As someone who grew up along Lake County’s lakeshore, I’d often heard that Lake Erie was one of our greatest natural assets. I didn’t see much evidence of that, however, aside from the beach at Headlands State Park.

That all started to change in 2007 with the creation of the Lake County Port Authority, now the Lake Development Authority. The Authority was created by county commissioners for economic development purposes, utilizing the unique powers given to port authorities in the state. As such, the LDA is very involved in community planning and development, and has been instrumental in helping to finance dozens of large projects within the county.

A second focus of the LDA is to work with all of our lakefront communities in a concerted effort to help solve problems along our shoreline, as well as identify and pursue opportunities for recreation and development.

As always, major problems took precedence and Lake County had two: The first was a result of the state banning open lake dumping of dredge materials. Fairport Harbor is Lake County’s commercial port, handling almost 2 million tons of cargo every year. Due to this ban, the Army Corps of Engineers was unable to dredge the harbor in 2021, resulting in several large ships getting stuck at the mouth of the harbor. This was a major threat to commerce along the Grand River.

Working in partnership with Kurtz Brothers Inc., the LDA drove the planning, design, funding and construction of a dredge material recycling facility. This past summer, the North Park Sediment Recycling Facility began accepting dredged material from the harbor, ensuring continued commerce along the Grand River.

Another big problem, one that truly hit home to lakefront property owners, concerned the constant erosion taking place along the lake. The cost to prevent this erosion can be extremely high, far outside the means of most property owners.
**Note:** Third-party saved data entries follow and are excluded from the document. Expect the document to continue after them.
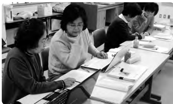
定例会での点訳作業の様子

現在のメンバーは13名ですが、点訳依頼の増加に伴い負担が大きくなっています。会の構成年齢も高まっており、新たなメンバーを募って活動を継続することで、今後も多くの方々に情報を届けるお手伝いをしていきたいと考えています。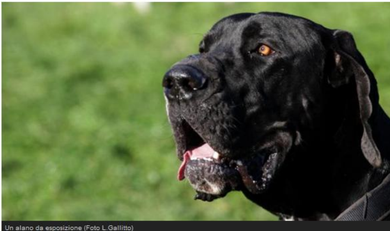
Un alano da esposizione

Previste esibizioni di Agility, Fly Ball, Disc Dog, Dog Dance e Paragility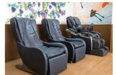
心も体もほぐすマッサージチェア。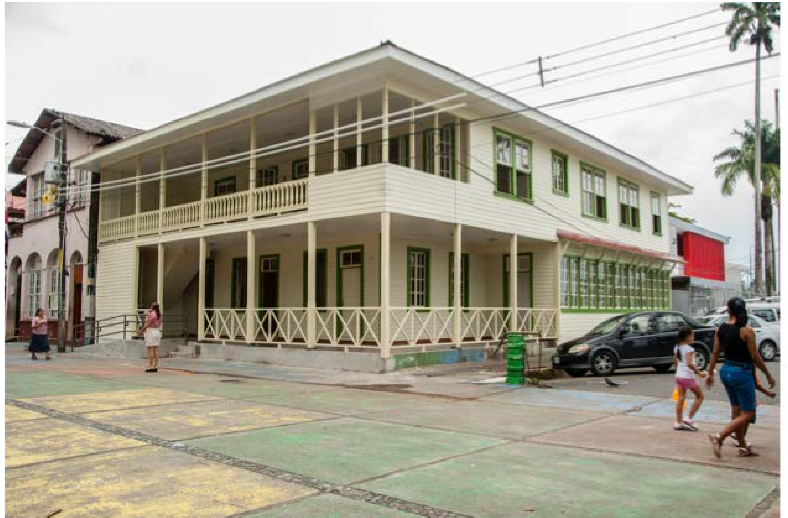
Imagen 19. Vista Externa del edificio restaurado.

Driven by several west-end mayors, the county established the Lakeshore Special Improvement District. The district extends along the entire Lake County coastline. Property owners can now absorb the cost of protecting their shoreline through a special assessment on their property taxes. They can spread the cost over 20 years without having to take out personal loans. The program is privately funded, with the county contributing an initial $300,000 into an escrow account to secure the $20 million in capital provided by private lenders; $5 million has already been allocated and over two dozen property owners have taken advantage of this opportunity. A second tranche of $5 million will soon be allocated, enabling more residents to take advantage of the program.